The bruises around her neck showed exactly how the life had been squeezed from her.
“Oh my god,” Ev bleated, backing up, as I stood there, frozen. Directly below the floorboards we were standing on, I was aware of the sound of an animal crying, barking, trying to break free. The sound had been going on for a long time, but the buzz in my ears had drowned it out.
I turned. I saw the porch door behind Ev, hanging off its hinges. I pointed. She bolted out the door: “John?” she hollered. I followed her.
Abby’s bark was loud outside. Ev took off down the trail, but I called to the dog, and she answered me. I crouched to look below the porch and saw, through the cracks in the boards, that she was trapped under the steps—someone had placed an old door in front of the opening she usually used. She was frantic, scraping at the barricade, and I realized her paws were bleeding.

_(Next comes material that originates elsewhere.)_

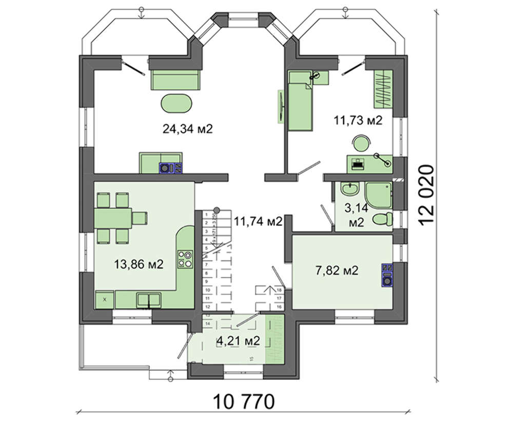 • Первый этаж:

“It’s okay, girl,” I said shakily, trying to move the heavy door myself. I could only lift it a little, so I used all my weight to push it aside and managed, after the third try, to make a gap big enough for Abby to squeeze out. She didn’t stop to thank me or take comfort. Instead, she shot off down the cliff trail, straight after Ev.

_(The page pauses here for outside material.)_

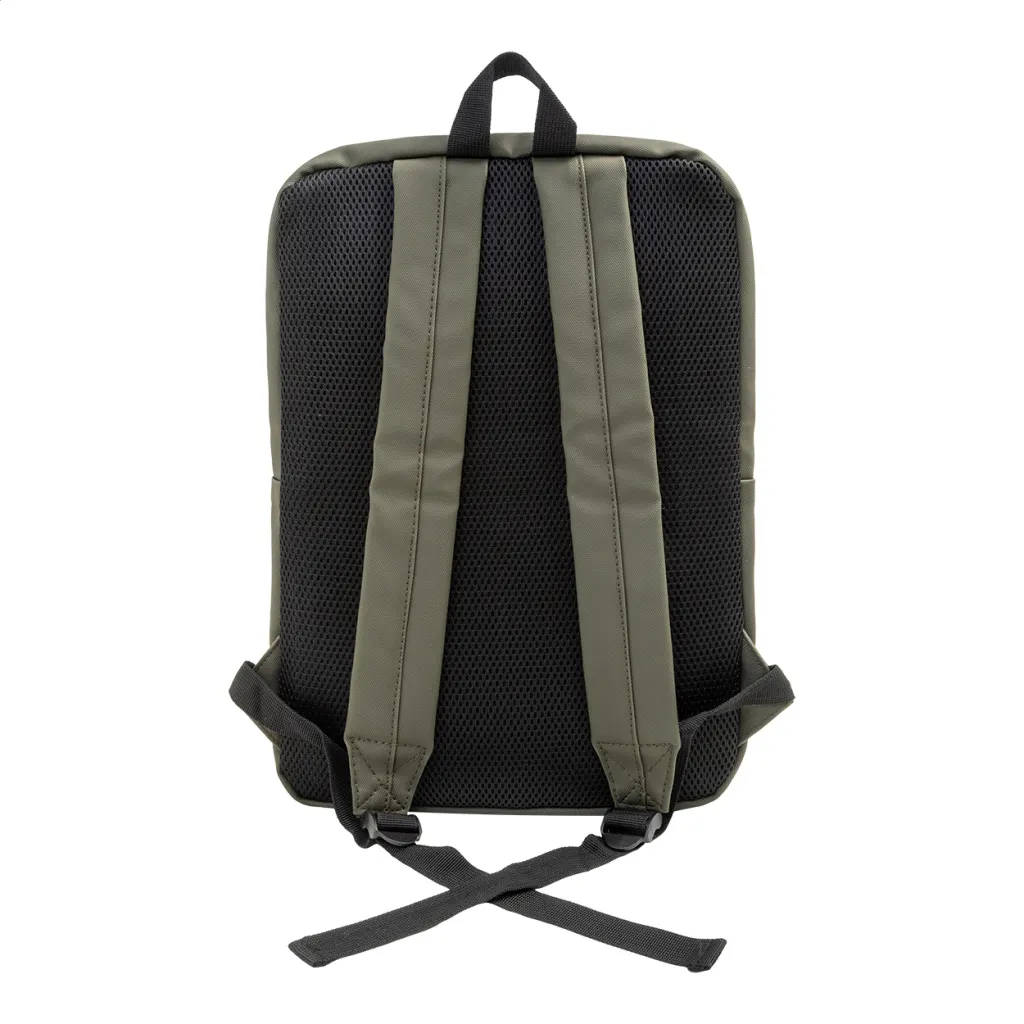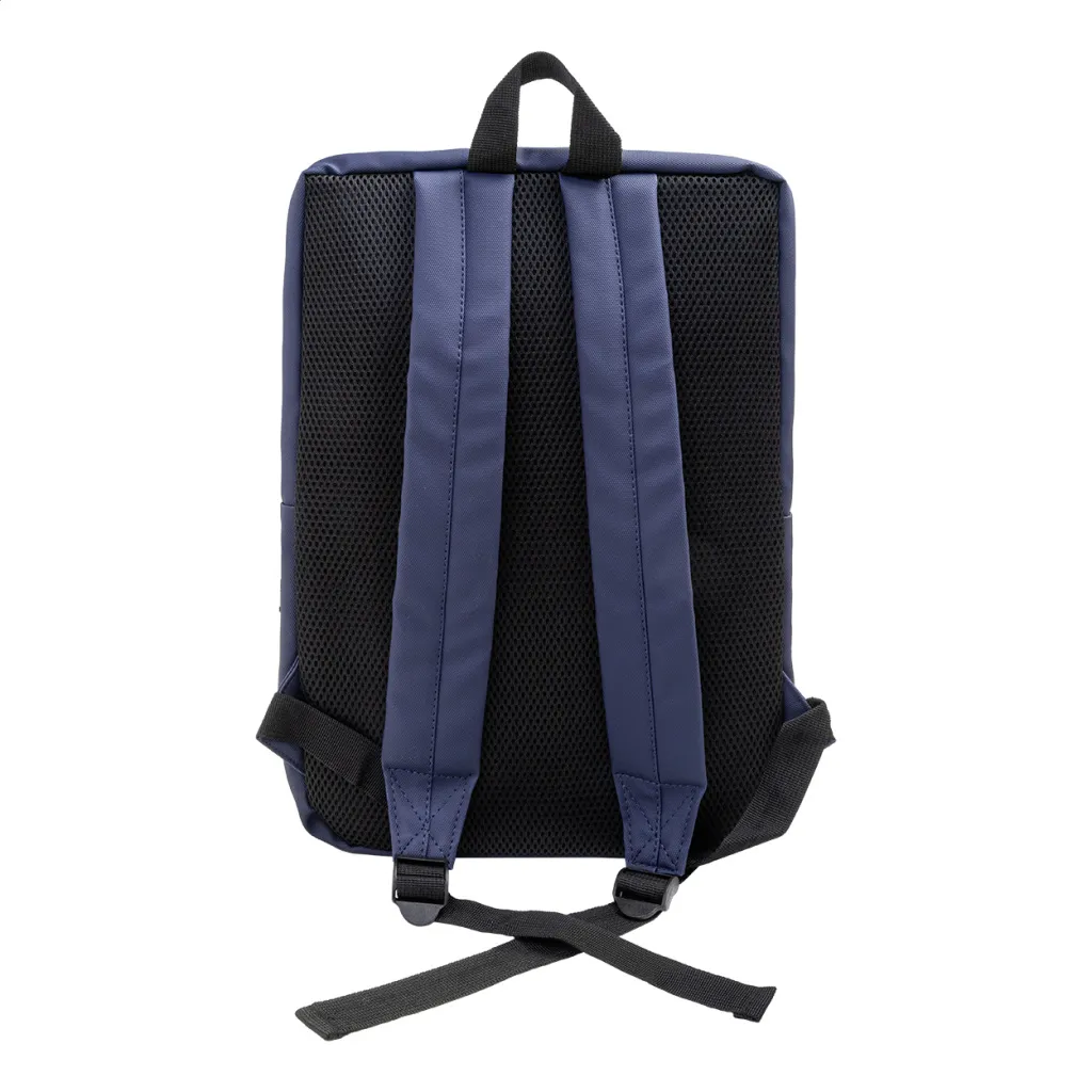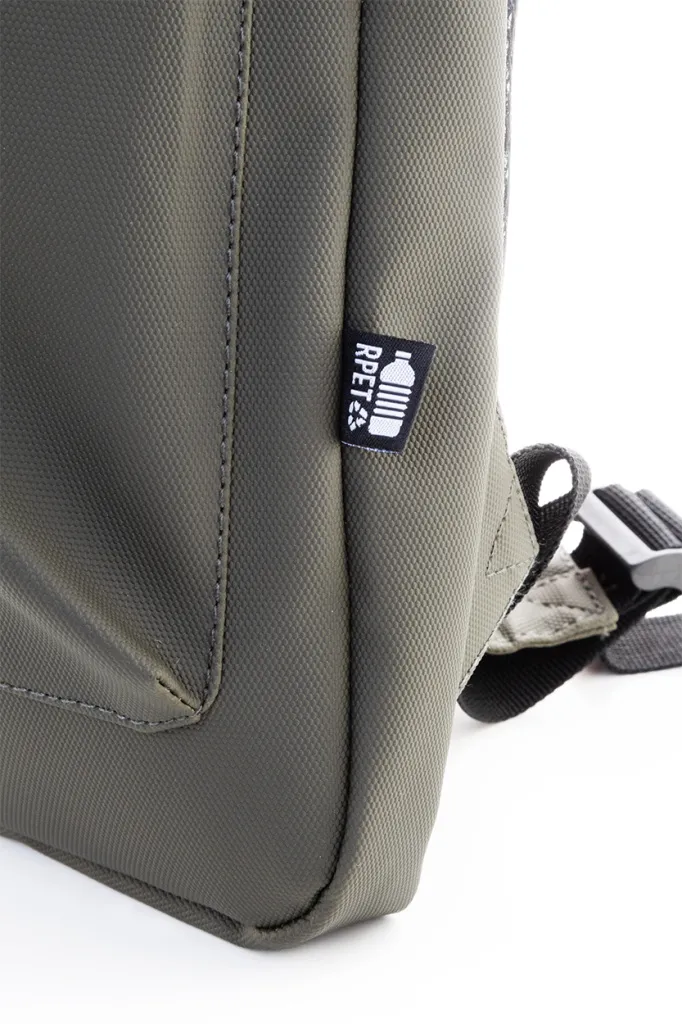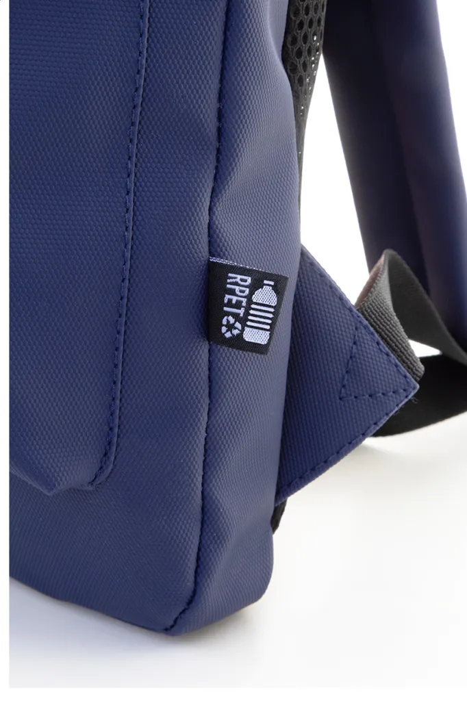Waterproof RPET slim laptop backpack with zipped laptop (15") compartment and zipped front pocket. With padded back and shoulder straps. PU coated 600D RPET polyester, with distinctive RPET label.

Out onto the trail I sprinted, clipping at Ev’s heels. We cut back and forth along the switchbacks. Somewhere ahead of us, where the trail met the air, Abby had started barking again. We raced to catch up.
We came abruptly onto the point. I suppose we both believed that John would be standing there. That time was of the essence. That there was logic, and explanation, and that the end of the cliff held it all.
But it was just air above us. Below us, water. Out to the horizon, nothing but blue. Ev began to speak, but the words couldn’t form themselves. They were like tumbling rocks, too heavy, too full of their own momentum to make sense, impossible to understand over Abby, whimpering and whining, her paws coming dangerously close to the edge of the cliff, stones slipping from underneath her bloody nails and onto the rocks far below.